[Extracted data entries]
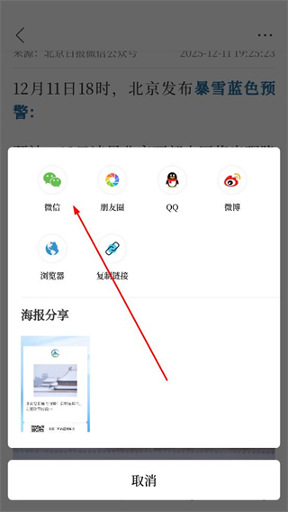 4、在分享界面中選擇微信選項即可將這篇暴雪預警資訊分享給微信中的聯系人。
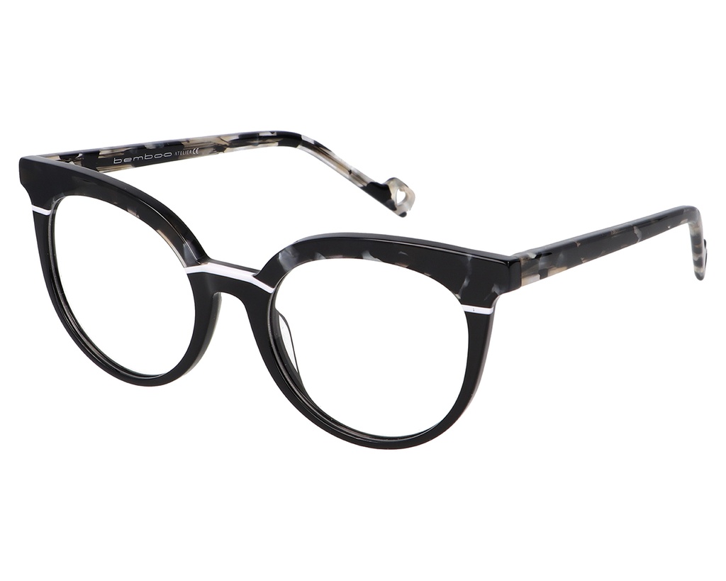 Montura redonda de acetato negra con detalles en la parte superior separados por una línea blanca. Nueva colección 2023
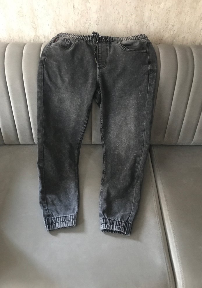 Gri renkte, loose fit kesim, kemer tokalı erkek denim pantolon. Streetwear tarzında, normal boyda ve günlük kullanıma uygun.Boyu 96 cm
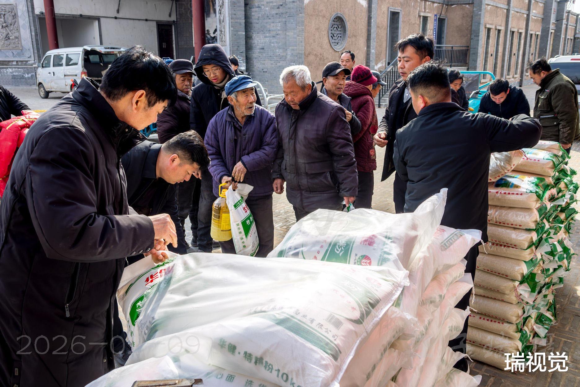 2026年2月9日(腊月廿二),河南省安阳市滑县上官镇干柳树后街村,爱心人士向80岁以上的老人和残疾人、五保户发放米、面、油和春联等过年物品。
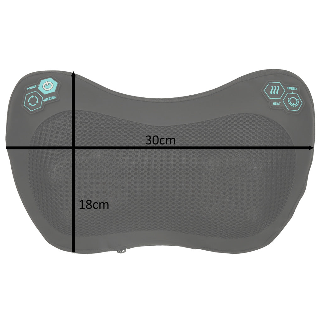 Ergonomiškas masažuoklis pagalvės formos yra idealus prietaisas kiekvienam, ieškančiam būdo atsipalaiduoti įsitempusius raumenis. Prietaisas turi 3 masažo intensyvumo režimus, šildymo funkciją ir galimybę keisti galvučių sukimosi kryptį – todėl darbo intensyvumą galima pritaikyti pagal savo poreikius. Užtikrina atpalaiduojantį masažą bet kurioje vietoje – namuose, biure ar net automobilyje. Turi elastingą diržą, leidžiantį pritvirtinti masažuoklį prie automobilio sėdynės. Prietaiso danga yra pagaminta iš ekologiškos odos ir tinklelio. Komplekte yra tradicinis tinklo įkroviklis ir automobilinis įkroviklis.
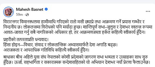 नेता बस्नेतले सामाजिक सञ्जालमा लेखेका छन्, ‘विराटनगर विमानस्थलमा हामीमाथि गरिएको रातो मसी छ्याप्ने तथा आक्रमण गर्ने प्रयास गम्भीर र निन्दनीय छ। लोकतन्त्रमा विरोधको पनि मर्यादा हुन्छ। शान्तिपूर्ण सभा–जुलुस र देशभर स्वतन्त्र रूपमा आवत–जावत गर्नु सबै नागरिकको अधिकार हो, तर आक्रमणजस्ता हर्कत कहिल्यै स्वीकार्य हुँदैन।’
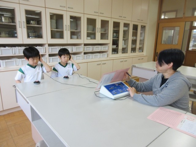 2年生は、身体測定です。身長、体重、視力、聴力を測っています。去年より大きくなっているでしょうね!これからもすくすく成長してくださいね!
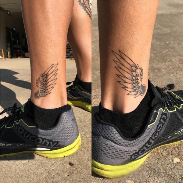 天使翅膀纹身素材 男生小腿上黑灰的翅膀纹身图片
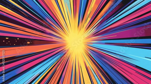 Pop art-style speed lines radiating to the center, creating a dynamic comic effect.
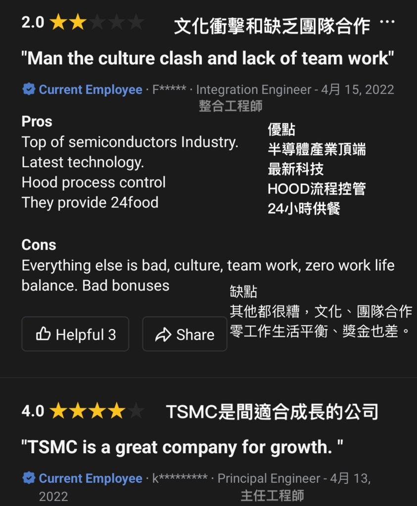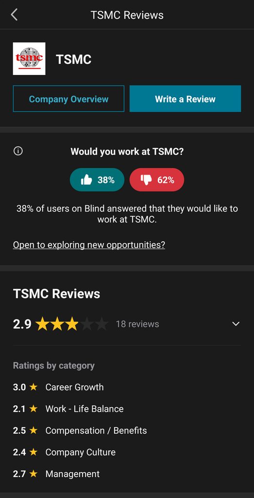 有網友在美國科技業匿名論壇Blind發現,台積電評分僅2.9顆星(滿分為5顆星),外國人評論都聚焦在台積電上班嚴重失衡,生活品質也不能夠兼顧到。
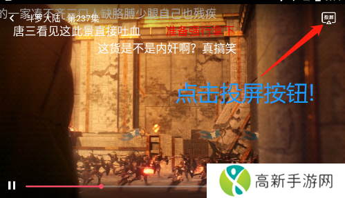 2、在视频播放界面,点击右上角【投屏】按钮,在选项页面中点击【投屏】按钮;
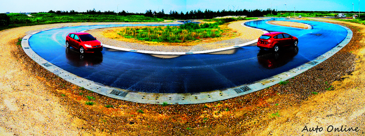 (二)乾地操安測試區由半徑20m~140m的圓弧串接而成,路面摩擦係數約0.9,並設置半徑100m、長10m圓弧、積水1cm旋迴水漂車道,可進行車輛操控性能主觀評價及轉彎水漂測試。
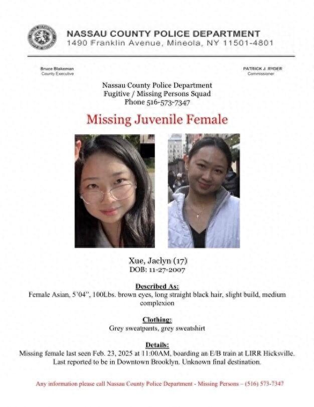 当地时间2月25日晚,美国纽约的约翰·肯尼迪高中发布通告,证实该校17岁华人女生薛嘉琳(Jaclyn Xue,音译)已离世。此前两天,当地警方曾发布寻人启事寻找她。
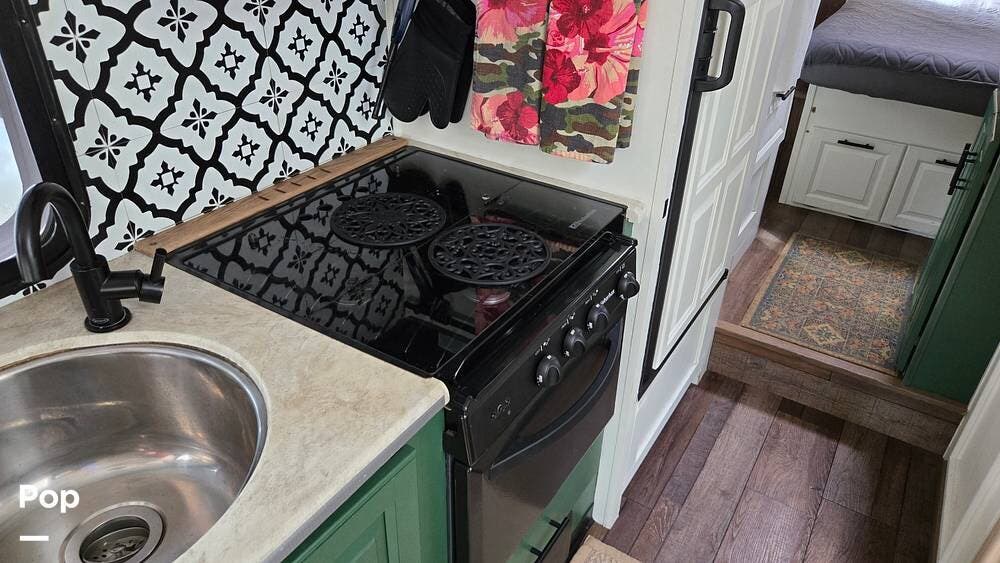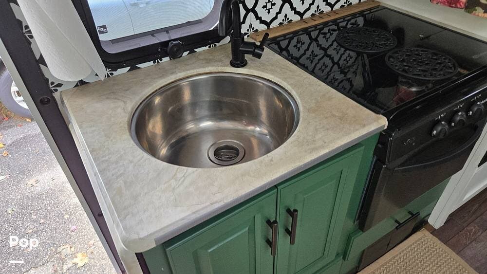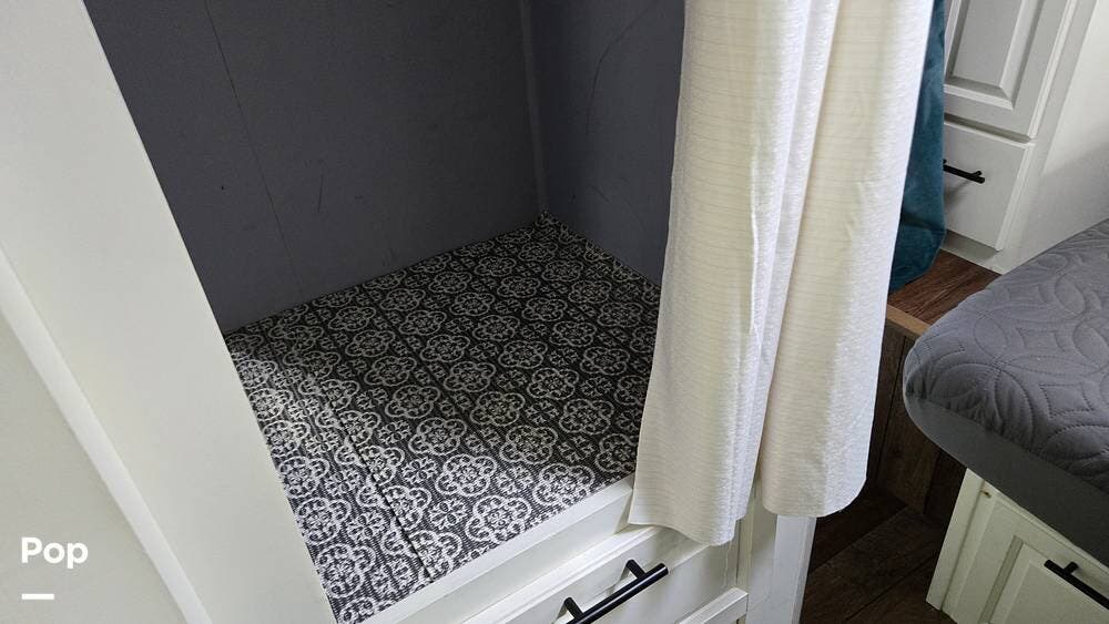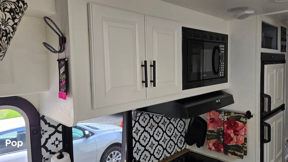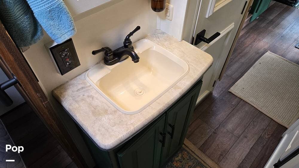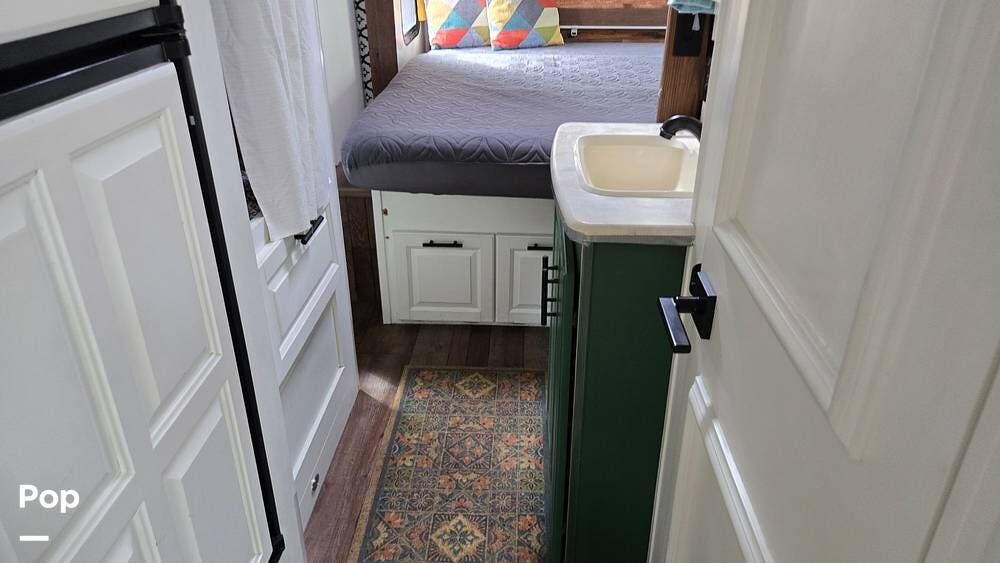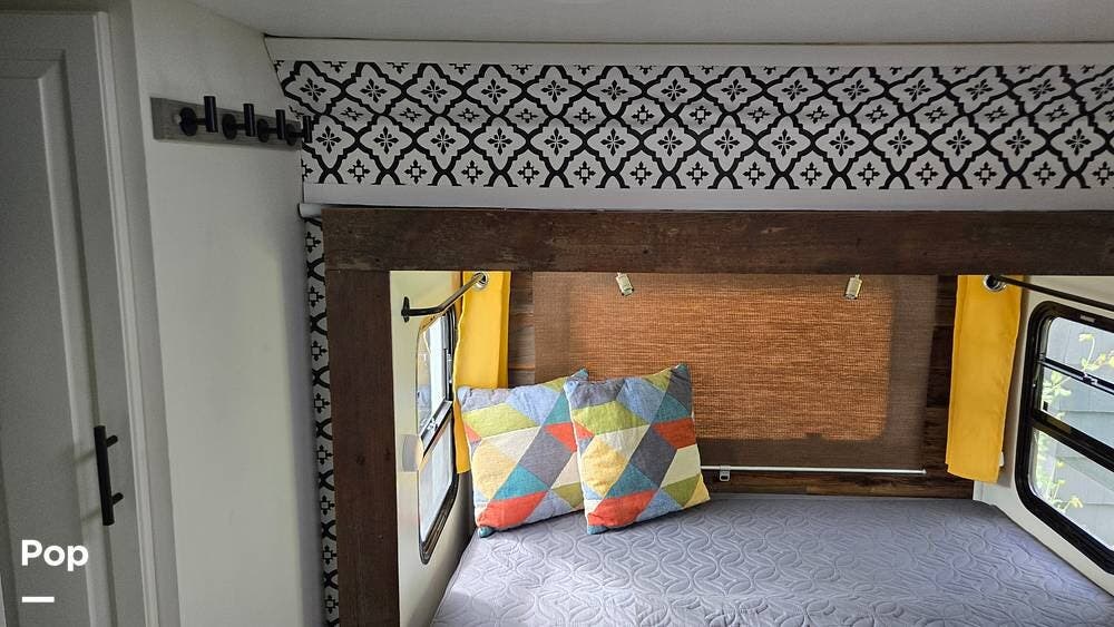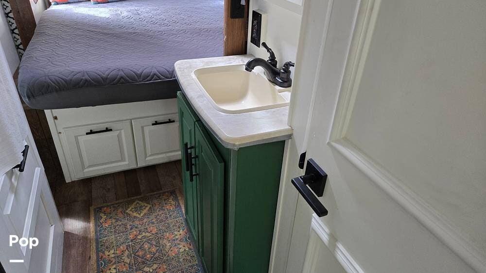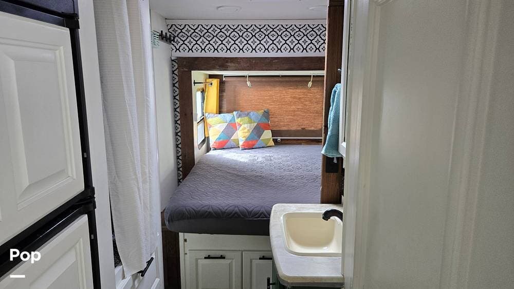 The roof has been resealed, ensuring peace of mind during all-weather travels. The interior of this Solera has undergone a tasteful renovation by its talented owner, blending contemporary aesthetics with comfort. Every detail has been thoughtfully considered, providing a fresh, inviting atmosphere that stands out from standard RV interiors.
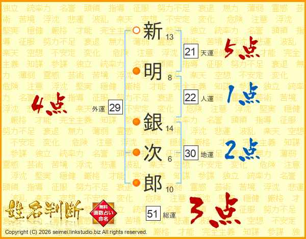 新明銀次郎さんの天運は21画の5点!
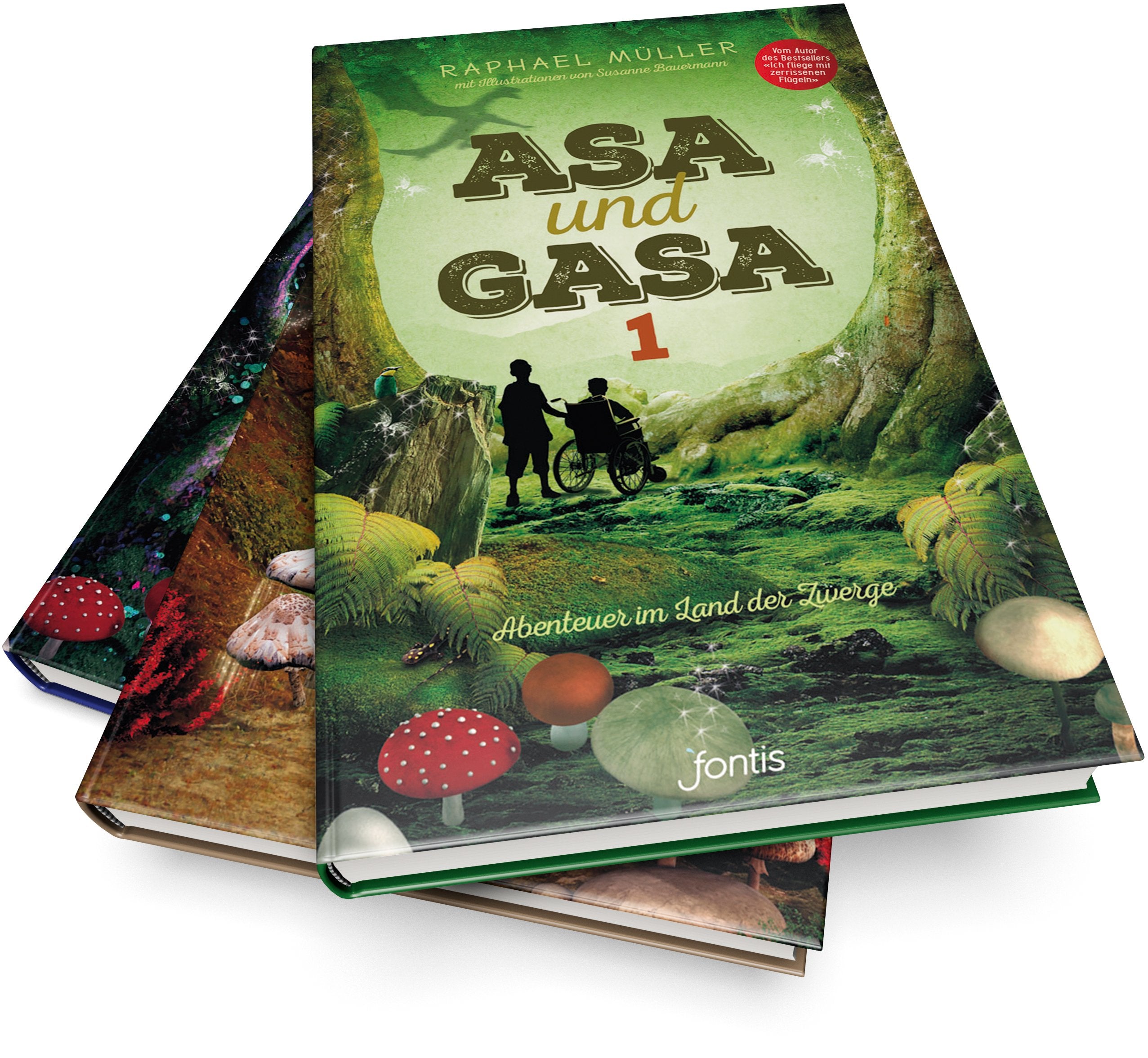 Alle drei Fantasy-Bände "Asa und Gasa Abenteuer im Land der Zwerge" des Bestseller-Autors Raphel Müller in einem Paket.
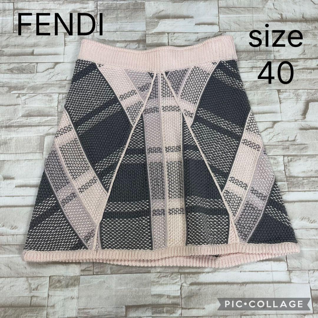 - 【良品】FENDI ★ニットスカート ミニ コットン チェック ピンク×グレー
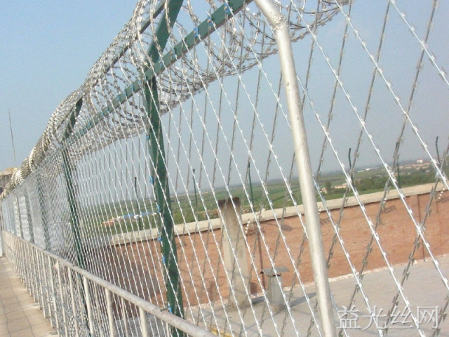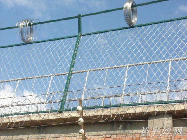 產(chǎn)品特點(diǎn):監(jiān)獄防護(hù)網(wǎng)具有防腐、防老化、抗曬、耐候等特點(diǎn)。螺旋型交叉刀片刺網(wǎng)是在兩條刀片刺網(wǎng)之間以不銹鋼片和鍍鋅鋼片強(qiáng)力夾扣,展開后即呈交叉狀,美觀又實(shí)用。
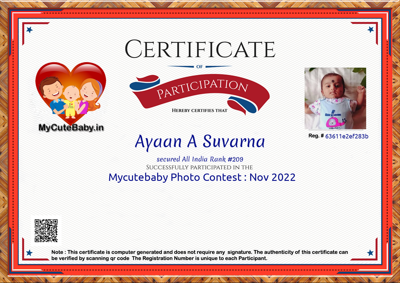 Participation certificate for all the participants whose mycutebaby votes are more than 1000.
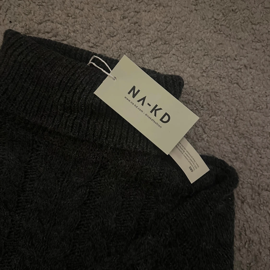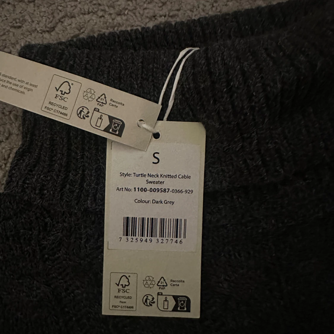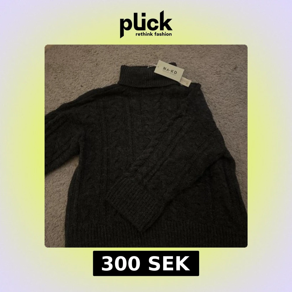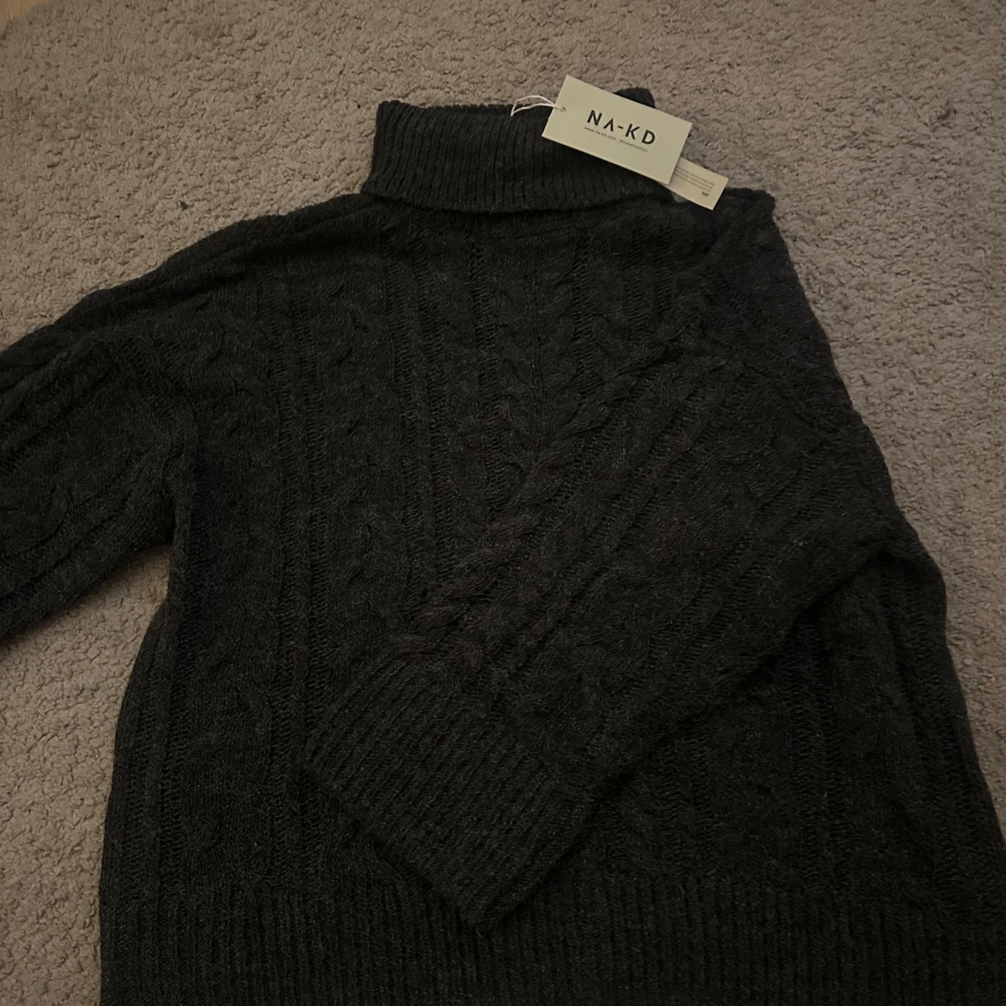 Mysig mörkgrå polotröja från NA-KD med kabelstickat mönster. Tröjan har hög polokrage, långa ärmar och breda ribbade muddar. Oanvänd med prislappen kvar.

Exercise goal:
Copy the lines above exactly, starting at the one with "Pop art-style speed" and ending at the one with "当地时间2月25日晚,美国纽", both included. Leave out any pictures and add nothing else.

Response below:
 Pop art-style speed lines radiating to the center, creating a dynamic comic effect.
 有網友在美國科技業匿名論壇Blind發現,台積電評分僅2.9顆星(滿分為5顆星),外國人評論都聚焦在台積電上班嚴重失衡,生活品質也不能夠兼顧到。
 2、在视频播放界面,点击右上角【投屏】按钮,在选项页面中点击【投屏】按钮;
 (二)乾地操安測試區由半徑20m~140m的圓弧串接而成,路面摩擦係數約0.9,並設置半徑100m、長10m圓弧、積水1cm旋迴水漂車道,可進行車輛操控性能主觀評價及轉彎水漂測試。
 当地时间2月25日晚,美国纽约的约翰·肯尼迪高中发布通告,证实该校17岁华人女生薛嘉琳(Jaclyn Xue,音译)已离世。此前两天,当地警方曾发布寻人启事寻找她。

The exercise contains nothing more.